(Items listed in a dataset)
——

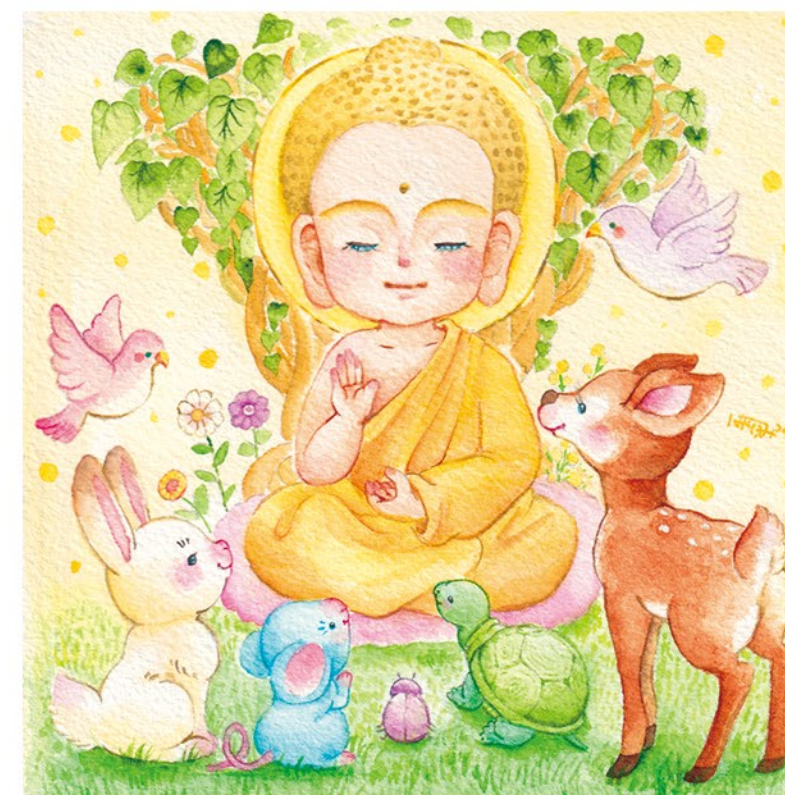
▲直七法衣店様 ナオシチ学習帳 表紙絵『初転法輪図』 4C
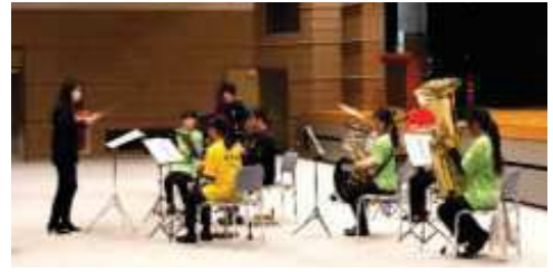
オープニングを飾った灘崎中学校吹奏楽部
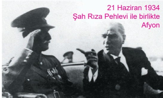
21 Haziran 1934 Şah Rıza Pehlevi ile birlikte Afyon
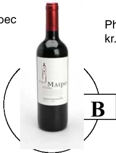
Maipo Cabernet Sauvignon Reserva kr. 1.340
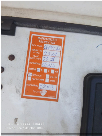
Tec. Ricardo Lira - Serra ES 06 de março de 2026 08:28
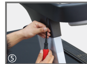
⑤ 用螺丝刀将立柱上护套固定
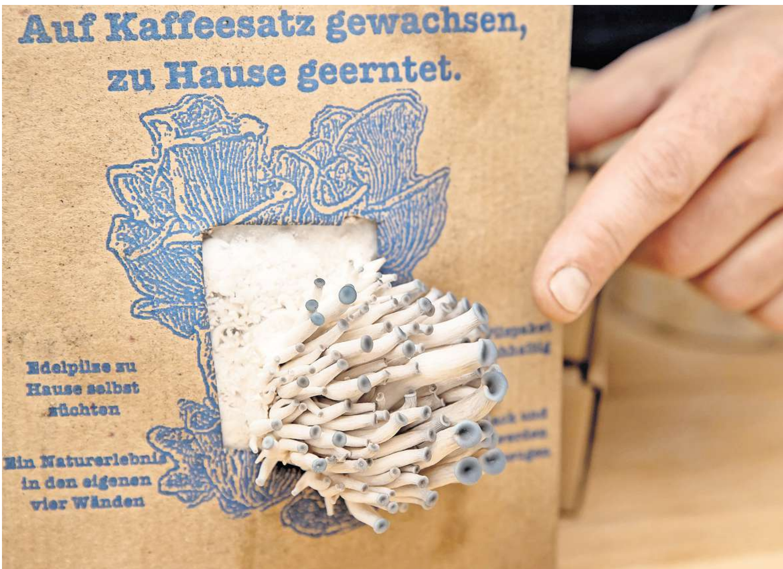
Austernpilze kann man beispielsweise auch auf dem Balkon mithilfe eines Pilzzuchtsatzes aufziehen.

Der Weihnachtsmarkt in der Altstadt beginnt am 25. November, dem Montag nach Totensonntag. Es warten der traditionelle Wunschbrunnenwald, das finnische Weihnachtsdorf und der Mittelaltermarkt auf die Besucher, die an 125 Ständen vorbeischnellern können. Der Weihnachtsmarkt rund um die Marktkirche dauert bis zum 22. Dezember, täglich von 11 bis 21 Uhr. Auch an der Lister Meile geht es vom 25. November bis 22. Dezember vorweihnachtlich in der Fußgängerzone zu, ebenfalls täglich geöffnet von 11 bis 21 Uhr.
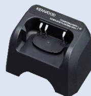
KSC-50CRB [W] Base di ricarica per batteria
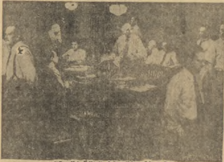
"On İki Öfkeli Adam"dan bir sahne

Bütün bu zorluklar ve rahatsızlıklar neticesinde meydana çıkan "Sâkin Amerikalı" için ne denebilirdi? Graham Greencin romanından perdeye aktarıldığı için yer yer uzun tartışmalarla ve seyirci üstünde tuhaf bir tesir yaratmak gayesiyle bir takım gürlütüleriyle doldurulan
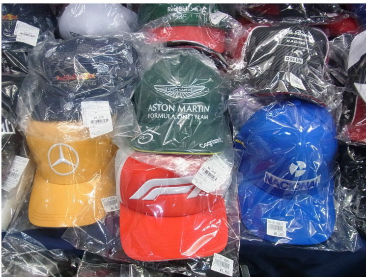
チームキャップ各種。価格：4000円（税込）～
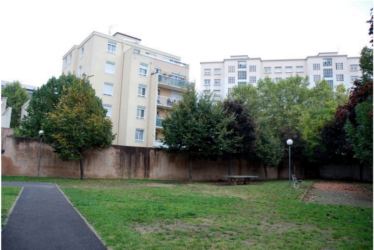
Vue de l'angle sud est de la parcelle, jardin
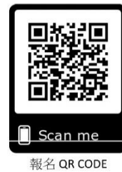
報名 QR CODE
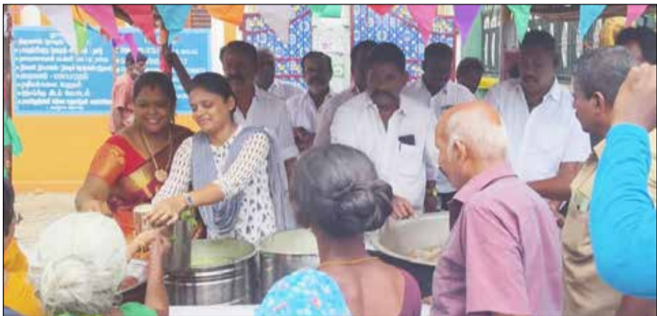
ராமேஸ்வரம், ஏப். 25- ராமேஸ்வரத்தில் கடுமையான வெப்பத்தின் தாக்கத்திலிருந்து பொதுமக்களின் தாகத்தை தனிப்பதற்கு அக முடையார் சங்கம் பேரவை சார்பாக இலவசமாக நீர் மோர் வழங்கும் நிகழ்ச்சி நடைபெற்றது. தமிழகம் முழுவதும் வெப்பத்தின் தாக்கம் நாளுக்கு நாள் அதிகரித்துக் கொண்டு இருக்கிறது இந்த நிலையில் தமிழக வானிலை மையம் ஜூன் மாதம் வரை வெப்பத்தின் தாக்கம் அதிகமாக இருக்கும் என அறிவித்துள்ளது. அதன் ஒரு பகுதியாக நான்கு பக்கமும் கடல் சூழ்ந்த ராமேஸ்வரம் பகுதி முழுவதும் கடுமையான வெப்ப தாக்குதல் உள்ளது. இந்த வெப்ப தாக்குதலில் ராமேஸ்வரம் திருக்கோவிலுக்கு வருகை தரும் பக்தர்களுக்கும், கிராம பகுதியிலிருந்து வந்த சிறிய நகர் பகுதியில் வருகை தரும் பொதுமக்களுக்கும் சேர்வடைந்து பாதிக்கப்படாது வருகின்றனர். இதனால் பக்தர்கள் மற்றும் பொதுமக்களும் வெப்பத்தின் தாக்கத்திலிருந்து தாகத்தை தனிப்பதற்காக ராமேஸ்வரம் அகமுடையார் சங்கம் பேரவை சார்பில் ஜூன் மாதம் வரை இலவசமாக நீர் மோர் வழங்கும் பந்தல் நேற்று மேலா வாசல் பகுதியில் திறக்கப்பட்டது.
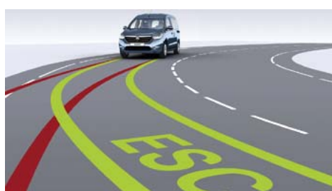
Система курсовой устойчивости ESP
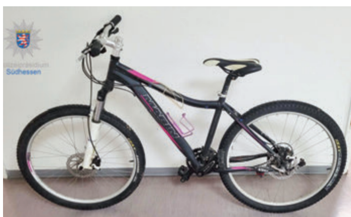
Wer weiß, wem das Rad und der Rahmen gehören?

Breuberg. Mitte März hat die Polizei bei einer Wohnungsdurchsuchung in Breuberg ein Fahrrad sowie einen Fahrradrahmen sichergestellt. Die Beamten gehen davon aus, dass es sich um Diebesgut handelt. Nun wird der Eigentümer ge-
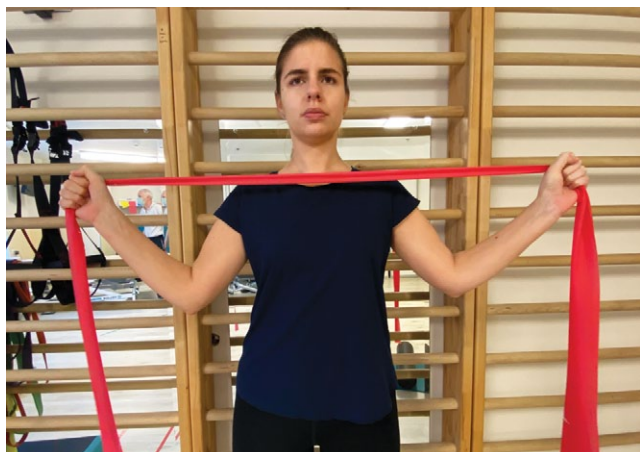
Рис. 7. Билатеральная наружная ротация в положении стоя при 0° отведения плеча с эспандером перед грудной клеткой для укрепления нижней порции трапециевидной мышцы и подостной мышцы (W-exercise)

Fig. 7. Bilateral external rotation in a standing position at 0° shoulder abduction with an expander in front of the chest to strengthen the lower portion of the trapezius muscle and the infraspinatus muscle (W-exercise)
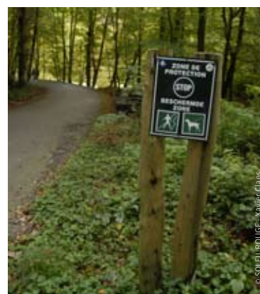
Hou in het woud steeds rekening met de aanduidingen

In al deze gebieden moeten de wandelaars op de paden blijven en hun honden aan de leiband houden (Ordonnantie van 30 maart 1995).
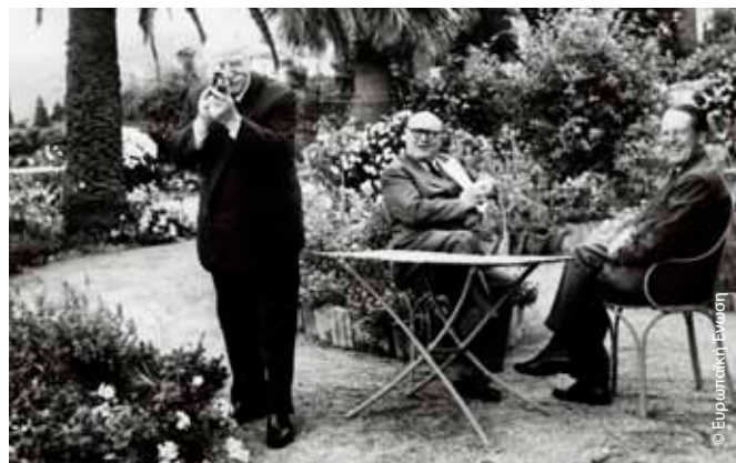
Ο Μπεχ κρατώντας μια μηχανή λήψης απολαμβάνει μια στιγμή χαλάρωσης στη Διάσκεψη της Μεσσήνης το 1955.

Ο Γιόζεφ Μπεχ προήδρευσε της Διάσκεψης της Μεσσήνης (1-3 Ιουνίου 1955), η οποία αργότερα κατέληξε στη Συνθήκη της Ρώμης, την ιδρυτική πράξη της Ευρωπαϊκής Οικονομικής Κοινότητας. Στο επίκεντρο της Διάσκεψης βρισκόταν ένα υπόμνημα που υποβλήθηκε από τις τρεις χώρες της Μπενελούξ, με την υπογραφή μεταξύ άλλων και του Μπεχ ως εκπροσώπου του Λουξεμβούργου. Το υπόμνημα ήταν ένας συνδυασμός γαλλικών και ολλανδικών προτάσεων για την ανάληψη νέων δράσεων στον τομέα των μεταφορών και της ενέργειας, ιδίως της πυρηνικής, καθώς και για τη δημιουργία μιας γενικής Κοινής Αγοράς, με έμφαση στην ανάγκη για μια Κοινή Αρχή με ουσιαστικές αρμοδιότητες. Με βάση την εμπειρία τους από τη Μπενελούξ και την Κοινότητα Άνθρακα και Χάλυβα, οι τρεις υπουργοί Εξωτερικών πρότειναν ένα σχέδιο που ανέπτυξε περαιτέρω την άποψη του Ολλανδού υπουργού Μπέγιεν ότι η οικονομική συνεργασία είναι η οδός που θα οδηγήσει στην ευρωπαϊκή ενοποίηση. Η «έκθεση Σπάακ», όπως είναι γνωστή, από τον Βέλγο υπουργό Σπάακ, πρόεδρο της Επιτροπής που την συνέταξε, αποτέλεσε τη βάση για τη Διακυβερνητική Διάσκεψη στο πλαίσιο της οποίας προέκυψαν οι συνθήκες για την κοινή αγορά και τη συνεργασία στον τομέα της ατομικής ενέργειας, οι οποίες υπογράφηκαν στη Ρώμη στις 25 Μαρτίου 1957.

——

## TASK BRIEF
Would you output the data above exactly as written, but with no images?

## RESULT BELOW
▲直七法衣店様 ナオシチ学習帳 表紙絵『初転法輪図』 4C
オープニングを飾った灘崎中学校吹奏楽部
21 Haziran 1934 Şah Rıza Pehlevi ile birlikte Afyon
Maipo Cabernet Sauvignon Reserva kr. 1.340
Tec. Ricardo Lira - Serra ES 06 de março de 2026 08:28
⑤ 用螺丝刀将立柱上护套固定
Austernpilze kann man beispielsweise auch auf dem Balkon mithilfe eines Pilzzuchtsatzes aufziehen.

Der Weihnachtsmarkt in der Altstadt beginnt am 25. November, dem Montag nach Totensonntag. Es warten der traditionelle Wunschbrunnenwald, das finnische Weihnachtsdorf und der Mittelaltermarkt auf die Besucher, die an 125 Ständen vorbeischnellern können. Der Weihnachtsmarkt rund um die Marktkirche dauert bis zum 22. Dezember, täglich von 11 bis 21 Uhr. Auch an der Lister Meile geht es vom 25. November bis 22. Dezember vorweihnachtlich in der Fußgängerzone zu, ebenfalls täglich geöffnet von 11 bis 21 Uhr.
KSC-50CRB [W] Base di ricarica per batteria
"On İki Öfkeli Adam"dan bir sahne

Bütün bu zorluklar ve rahatsızlıklar neticesinde meydana çıkan "Sâkin Amerikalı" için ne denebilirdi? Graham Greencin romanından perdeye aktarıldığı için yer yer uzun tartışmalarla ve seyirci üstünde tuhaf bir tesir yaratmak gayesiyle bir takım gürlütüleriyle doldurulan
チームキャップ各種。価格：4000円（税込）～
Vue de l'angle sud est de la parcelle, jardin
報名 QR CODE
ராமேஸ்வரம், ஏப். 25- ராமேஸ்வரத்தில் கடுமையான வெப்பத்தின் தாக்கத்திலிருந்து பொதுமக்களின் தாகத்தை தனிப்பதற்கு அக முடையார் சங்கம் பேரவை சார்பாக இலவசமாக நீர் மோர் வழங்கும் நிகழ்ச்சி நடைபெற்றது. தமிழகம் முழுவதும் வெப்பத்தின் தாக்கம் நாளுக்கு நாள் அதிகரித்துக் கொண்டு இருக்கிறது இந்த நிலையில் தமிழக வானிலை மையம் ஜூன் மாதம் வரை வெப்பத்தின் தாக்கம் அதிகமாக இருக்கும் என அறிவித்துள்ளது. அதன் ஒரு பகுதியாக நான்கு பக்கமும் கடல் சூழ்ந்த ராமேஸ்வரம் பகுதி முழுவதும் கடுமையான வெப்ப தாக்குதல் உள்ளது. இந்த வெப்ப தாக்குதலில் ராமேஸ்வரம் திருக்கோவிலுக்கு வருகை தரும் பக்தர்களுக்கும், கிராம பகுதியிலிருந்து வந்த சிறிய நகர் பகுதியில் வருகை தரும் பொதுமக்களுக்கும் சேர்வடைந்து பாதிக்கப்படாது வருகின்றனர். இதனால் பக்தர்கள் மற்றும் பொதுமக்களும் வெப்பத்தின் தாக்கத்திலிருந்து தாகத்தை தனிப்பதற்காக ராமேஸ்வரம் அகமுடையார் சங்கம் பேரவை சார்பில் ஜூன் மாதம் வரை இலவசமாக நீர் மோர் வழங்கும் பந்தல் நேற்று மேலா வாசல் பகுதியில் திறக்கப்பட்டது.
Система курсовой устойчивости ESP
Wer weiß, wem das Rad und der Rahmen gehören?

Breuberg. Mitte März hat die Polizei bei einer Wohnungsdurchsuchung in Breuberg ein Fahrrad sowie einen Fahrradrahmen sichergestellt. Die Beamten gehen davon aus, dass es sich um Diebesgut handelt. Nun wird der Eigentümer ge-
Рис. 7. Билатеральная наружная ротация в положении стоя при 0° отведения плеча с эспандером перед грудной клеткой для укрепления нижней порции трапециевидной мышцы и подостной мышцы (W-exercise)

Fig. 7. Bilateral external rotation in a standing position at 0° shoulder abduction with an expander in front of the chest to strengthen the lower portion of the trapezius muscle and the infraspinatus muscle (W-exercise)
Hou in het woud steeds rekening met de aanduidingen

In al deze gebieden moeten de wandelaars op de paden blijven en hun honden aan de leiband houden (Ordonnantie van 30 maart 1995).
Ο Μπεχ κρατώντας μια μηχανή λήψης απολαμβάνει μια στιγμή χαλάρωσης στη Διάσκεψη της Μεσσήνης το 1955.

Ο Γιόζεφ Μπεχ προήδρευσε της Διάσκεψης της Μεσσήνης (1-3 Ιουνίου 1955), η οποία αργότερα κατέληξε στη Συνθήκη της Ρώμης, την ιδρυτική πράξη της Ευρωπαϊκής Οικονομικής Κοινότητας. Στο επίκεντρο της Διάσκεψης βρισκόταν ένα υπόμνημα που υποβλήθηκε από τις τρεις χώρες της Μπενελούξ, με την υπογραφή μεταξύ άλλων και του Μπεχ ως εκπροσώπου του Λουξεμβούργου. Το υπόμνημα ήταν ένας συνδυασμός γαλλικών και ολλανδικών προτάσεων για την ανάληψη νέων δράσεων στον τομέα των μεταφορών και της ενέργειας, ιδίως της πυρηνικής, καθώς και για τη δημιουργία μιας γενικής Κοινής Αγοράς, με έμφαση στην ανάγκη για μια Κοινή Αρχή με ουσιαστικές αρμοδιότητες. Με βάση την εμπειρία τους από τη Μπενελούξ και την Κοινότητα Άνθρακα και Χάλυβα, οι τρεις υπουργοί Εξωτερικών πρότειναν ένα σχέδιο που ανέπτυξε περαιτέρω την άποψη του Ολλανδού υπουργού Μπέγιεν ότι η οικονομική συνεργασία είναι η οδός που θα οδηγήσει στην ευρωπαϊκή ενοποίηση. Η «έκθεση Σπάακ», όπως είναι γνωστή, από τον Βέλγο υπουργό Σπάακ, πρόεδρο της Επιτροπής που την συνέταξε, αποτέλεσε τη βάση για τη Διακυβερνητική Διάσκεψη στο πλαίσιο της οποίας προέκυψαν οι συνθήκες για την κοινή αγορά και τη συνεργασία στον τομέα της ατομικής ενέργειας, οι οποίες υπογράφηκαν στη Ρώμη στις 25 Μαρτίου 1957.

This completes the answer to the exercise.